Syrian Conflict Has Underlying Links to Climate Change, Says Study

UNITED NATIONS, Mar 2 2015 (IPS) – Was the four-year-old military conflict in Syria, which has claimed the lives of over 200,000 people, mostly civilians, triggered at least in part by climate change?

A new study by Columbia University’s Lamont-Doherty Earth Observatory says “a record drought that ravaged Syria in 2006-2010 was likely stoked by ongoing man-made climate change, and that the drought may have helped propel the 2011 Syrian uprising.”

Described as the worst ever recorded in the region, the drought is said to have destroyed agriculture in the breadbasket region of northern Syria, driving dispossessed farmers to cities, where poverty, government mismanagement and other factors created unrest that exploded in spring 2011.

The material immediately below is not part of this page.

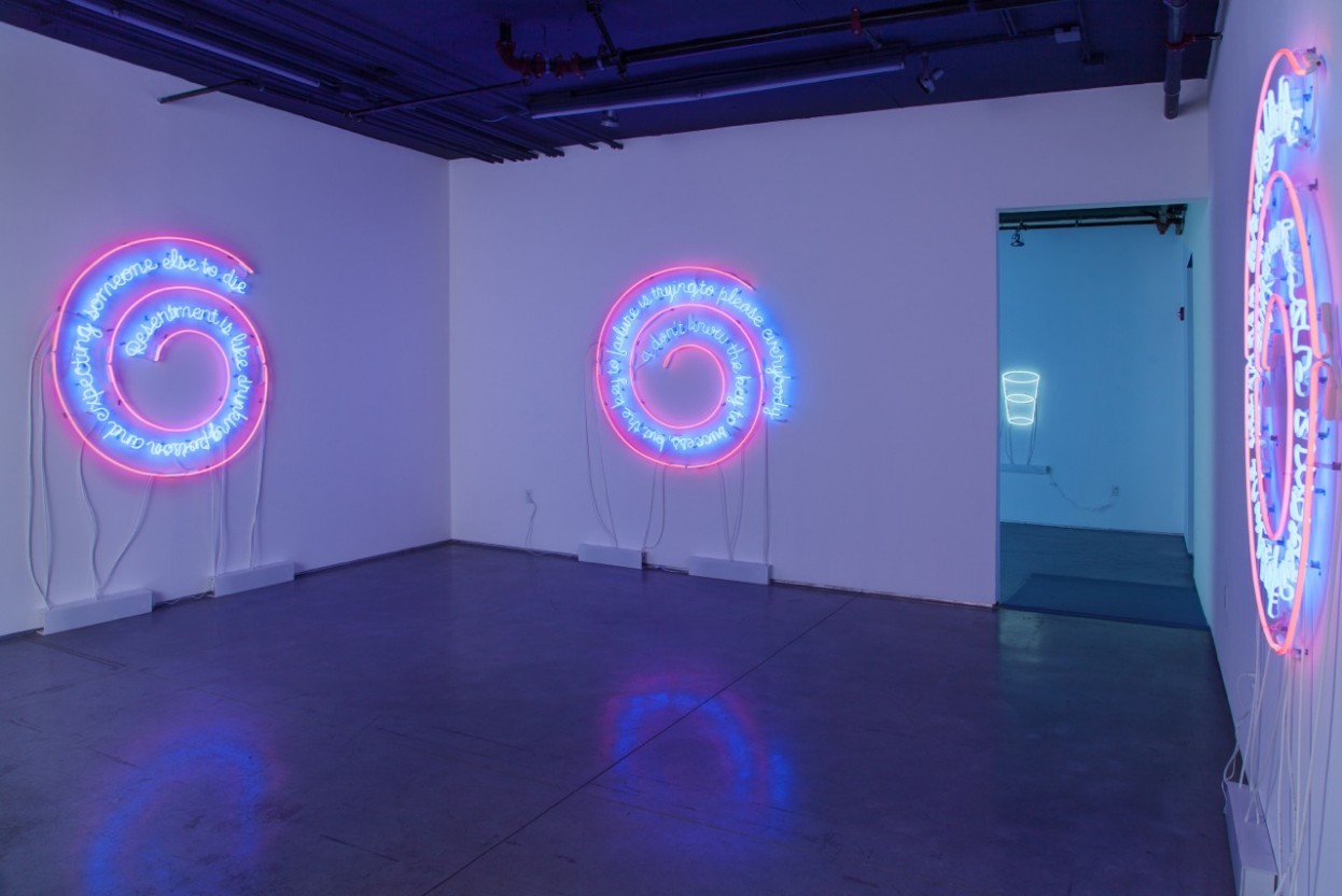 The impulse when walking through the exhibition is to move quickly: The six neon sculptures, commissioned for the exhibition by Kadist, share an identical peach spiral and blue script with different texts. Like Nauman before him, Thomson does not hide the technical apparatus (the white wires that connect to the transformer plugged into the wall), but rather leaves exposed the electrical elements that make the sculpture operate. Though large-scale, almost like glowing mirrors, the sentiments expressed in the exhibition, such as “As you go through life make this your goal, watch the donut not the hole," ring hollow. Thomson’s hackneyed texts are so immediately identifiable to viewers as to be meaningless.
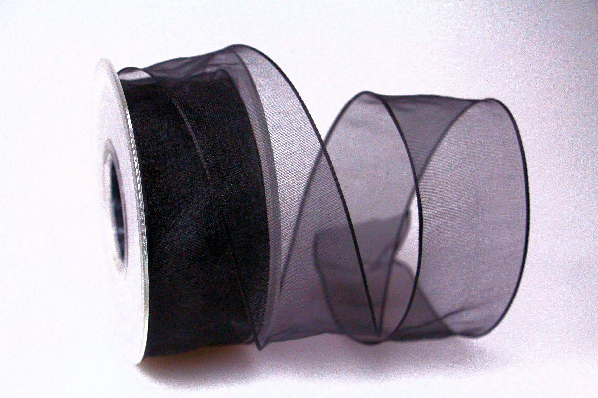 Ein Organzaband mit seitlicher Drahtkante. Lässt sich sehr schön in Blumensträuße und hängende Dekorationen hineinarbeiten. Ideal für die Trauergestaltung von Kränzen oder Blumengestecken.

“We’re not saying the drought caused the war,” said a cautious Richard Seager, a climate scientist at Lamont-Doherty Earth Observatory, who co-authored the study.

“We’re saying that added to all the other stressors, it helped kick things over the threshold into open conflict. And a drought of that severity was made much more likely by the ongoing human-driven drying of that region.”

Doreen Stabinsky, a professor of Global Environmental Politics at College of the Atlantic, Maine, U.S., told IPS that obviously the Syrian war is a complex situation that cannot be explained solely due to drought and the collapse of agricultural systems.

“Yet we know that agricultural production will be one of the first casualties of the climate catastrophe that is currently unfolding,” she noted.

Indeed, she said, climate change is not some far-off threat of impacts that will happen in 2050 or 2100.

“What this research shows is that climate impacts on agriculture are happening now, with devastating consequences to those whose livelihoods are based on agriculture.